Several days passed. Mr. Sugiyama Heisuke, half-remembering the contents of the "Mountain Correspondence" he had skimmed the day before, informed everyone in Tokyo—starting with Mr. Nakajima Chihiro until it reached even Mr. Ibuse’s ears. The literary circle grew deeply concerned that Dazai’s letter might have caused Master Sato some trouble. They all converged to discuss it, settling on "Summon Dazai regardless" before adjourning—later—on an Ogikubo night marking their first meeting in two years at Mr.
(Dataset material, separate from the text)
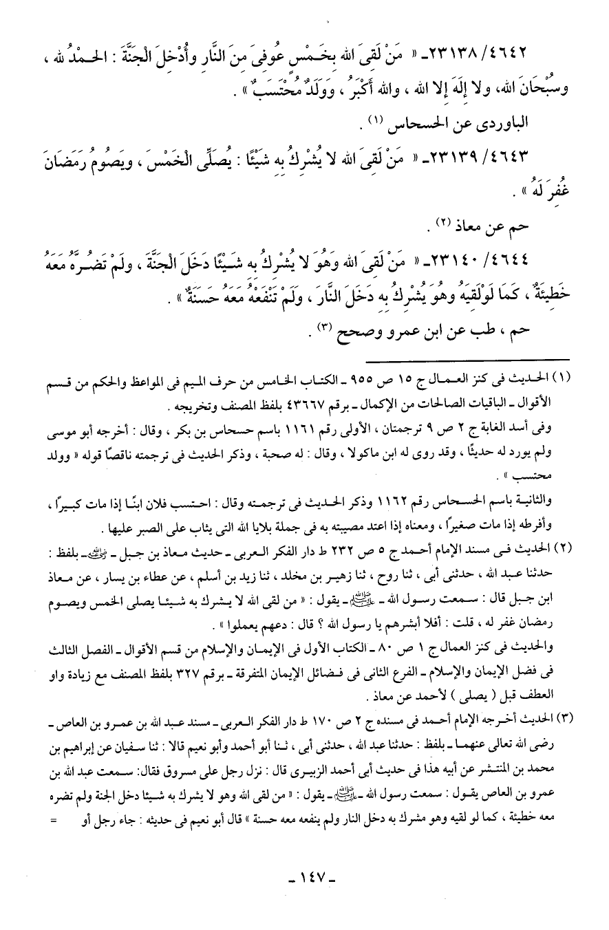 4644/ 23140 - "مَنْ لَقِيَ الله وَهُوَ لا يُشْرِكُ بِهِ شَيئًا دَخَلَ الْجَنَّةَ، ولَمْ تَضُرَّهُ مَعَهُ خَطِيئَة، كَمَا لَوْ لَقِيَهُ وهُوَ يُشْرِكُ بِهِ دَخَلَ النَّارَ، وَلَمْ تَنْفَعْهُ مَعَهُ حَسَنَةٌ".

Ibuse’s residence, where summer grasses grew as thickly as ever in the garden, a conversation taking place over chess on the study’s veranda.

"If by any chance this has inconvenienced Master Sato... you know, I—" "Well, that—" "Still, Master Sato—even if someone tried tarnishing his reputation, there'd be no way to manage it." As for Mountain Correspondence—it sought to express my frenzied state and ordinary people's reverence for convention; there existed no other purpose. Regarding Master Sato's affection—no matter what might occur—I didn't doubt it. "The Chugai Koron novel and all the rest—" "Yeah, well—" "Even if everyone stays silent—it's still properly Master Sato's influence at work."

“That’s right, that’s right.” “Try as I might to forget, I can’t—” “Yeah, yeah—”

The conversation gradually became solely about chess.